TO KILL A MAN and HISTORY OF FEAR to New Directors


The Museum of Modern Art and the Film Society of Lincoln Center have just announced the complete lineup for their 43rd annual New Directors/New Films Festival. The 2014 lineup includes the New York premiere of the Chilean film To Kill a Man / Matar a un hombre (pictured below right) by Alejandro Fernández Almendras, and the North American premiere of the Argentinean film History of Film / Historia del miedo by Benjamín Naishtat (pictured left).

New Directors/New Films will also feature three Latin American short films: The Island /La isla by Dominga Sotomayor and Katarzyna Klimkiewicz from Chile, Landscape / Paisaje by Matias Umpierrez from Argentina, and The Reaper / La Parka by Gabriel Serra from Mexico.

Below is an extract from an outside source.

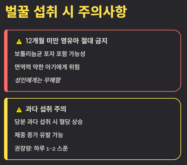 - 돌 전 영유아: 꿀에는 보툴리눔균 포자가 포함될 수 있어, 면역력이 약한 12개월 미만의 아기에게는 절대 먹이지 않아야 합니다. (성인에게는 무해함)
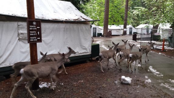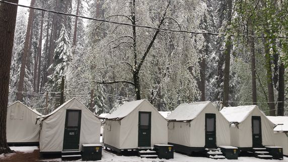 Curry Village una tienda sin calefacción por 80$ la noche. Son tiendas grandes con cama, toallas, mantas y caja antiosos para guardar de forma hermética la comida y cualquier cosa que despida un olor que pueda atraerlos. El coche se deja en un parquing a un centenar de metros.

Bullying is a phenomenon that doesn’t just take place in the schoolyard. In Fernández Almendras’s raw, unnerving psychological thriller, bullies and their victims live side by side in a working-class neighborhood. Passive Jorge tries to ignore the cruel taunting of some local thugs who would be considered juvenile delinquents if they weren’t full-grown adults. But when the worst of the bunch steals Jorge’s insulin syringe, and his son winds up in the hospital with a gunshot wound after attempting to get it back, Jorge and his wife seek redress legally—to no avail. The family is humiliated again and again, and when his teenage daughter is sexually threatened, Jorge, pushed over the edge, decides to take matters into his own hands.

How strong does a fence need to be, or how loud must an alarm blare, or how brightly should an open field be lit for us to feel safe? The impossibility of a definitive answer to these kinds of questions lies at the heart of Benjamín Naishtat’s unsettling feature debut. Set in an economically destabilized Argentina, the film weaves stories of characters from multiple social strata into an interlocking narrative of paranoia and fear. The isolation of wealth and detachment from neighbors causes insecurities to fester, feeding a “security consumption” culture and all its incumbent paraphernalia. As we begin to recognize and sympathize with the situations depicted, the most troubling realization of all arrives: we are doing it to ourselves.

The 43rd edition of New Directors/New Films, an annual rite of early spring in New York City, bringing exciting discoveries from around the world to adventurous moviegoers, will run March 19 – 30 screening 27 international feature films and 13 short films.